The Court rejects the ordinary meaning of the statutory language because, in its view, 8 U. S. C. §1229c(b)(2) incorporated a “ ‘longstanding administrative construction’ ” of the term “days,” according to which a deadline in the immigration laws is taken to extend if the final day lands on a weekend or holiday. Ante, at 12. But this argument fails because the regulatory definition on which it rests applies by its terms only to deadlines that appear in the immigration regulations. When Congress enacted the voluntary departure deadline in 1996, the pertinent regulation stated that “[t]he term day when computing the period of time for taking any action provided in this chapter”—that is, in the relevant chapter of the regulations—“shall include Saturdays, Sundays, and legal holidays, except that when the last day of the period so computed falls on a Saturday, Sunday, or a legal holiday, the period shall run until the end of the next day which is not a Saturday, Sunday, nor a legal holiday.” 8 CFR §1.1(h) (1996) (emphasis added).[2] So even if Congress had enacted this provision into law, it would not have affected the meaning of §1229c(b)(2).

In an effort to draw some support from this regulation, the Court disregards its specific terms and contends that it embodied a broader rule for counting days that applies even when the action that must be taken by the deadline can be done just as easily on weekends and holidays as on ordinary business days. It is doubtful, however, that the Court is ready to embrace all the implications of this argument. The term “days” appears numerous times in the immigration laws. Does the Court think that every one of these provisions incorporates its unorthodox counting rule?
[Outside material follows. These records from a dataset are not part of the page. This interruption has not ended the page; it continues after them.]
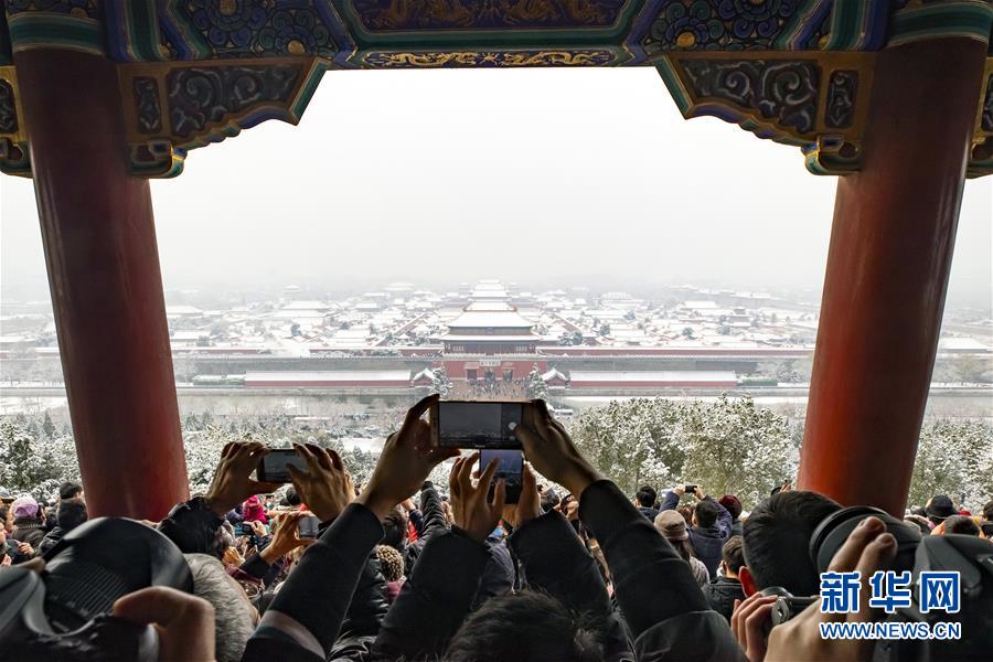 11月30日,人們?cè)诒本┚吧焦珗@的萬春亭拍攝雪后的故宮。  新華社記者 沈伯韓 攝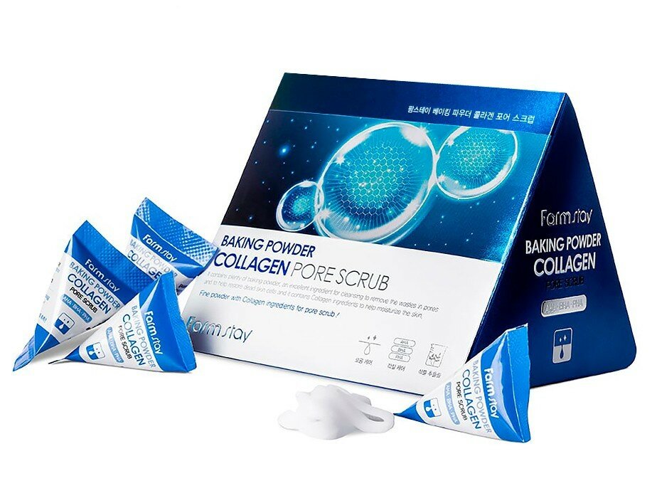 Купить FarmStay Baking Powder Collagen Pore Scrub Скраб в пирамидках для очищения пор с содой Упаковка (25шт)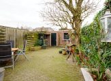 De verzorgde achtertuin, gelegen op het westen, waardoor u in de middag en avond heerlijk van de zon kunt genieten. De tuin is ingericht met bestrating en beschikt over borders met diverse beplanting. Achter op het perceel bevindt zich een vrijstaande stenen berging, voorzien van elektra, ideaal voor het stallen van fietsen, tuingereedschap of het creëren van extra opbergruimte.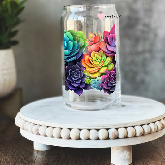 Colorful 3D Succulent 16oz Libbey Glass Can UV DTF or Sublimation Wrap - Decal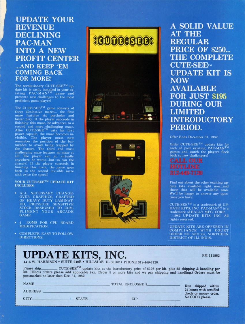 Cute-See is a relatively unknown hack of Pac-Man released by Update Kits Inc. in 1982. Little is known about the hack, but from the flyer describes the game as an advanced hack of Pac-Man similar to Joyman and possibly built off a version of Hangly-Man. The maze now features 6 exit holes, eating a power pellet makes the maze disappear, and some levels don't have a maze.

Consider, for example, 8 U. S. C. §1282(a), which provides that in most instances an “alien crewman” may not be permitted to “land temporarily in the United States” for more than 29 days. Suppose that the 29th day is a Saturday. Does that mean that the alien crewman may stay an additional two days? There are many other similar provisions. See, e.g., §1187(a)(1) (permitting the waiver of the usual visa requirements for a tourist seeking entry for up to 90 days); §1184(d) (requiring certain visa applicants to establish that they are “actually willing to conclude a valid marriage” to an identified citizen within 90 days of arrival); §1101(a)(13)(C)(ii) (providing that an already admitted alien is regarded as seeking admission if he has been absent from the United States for “a continuous period in excess of 180 days”); §1101(f )(7) (providing that an alien is not of “good moral character” if he has been imprisoned, in a relevant timeframe, for an aggregate period of 180 days or more).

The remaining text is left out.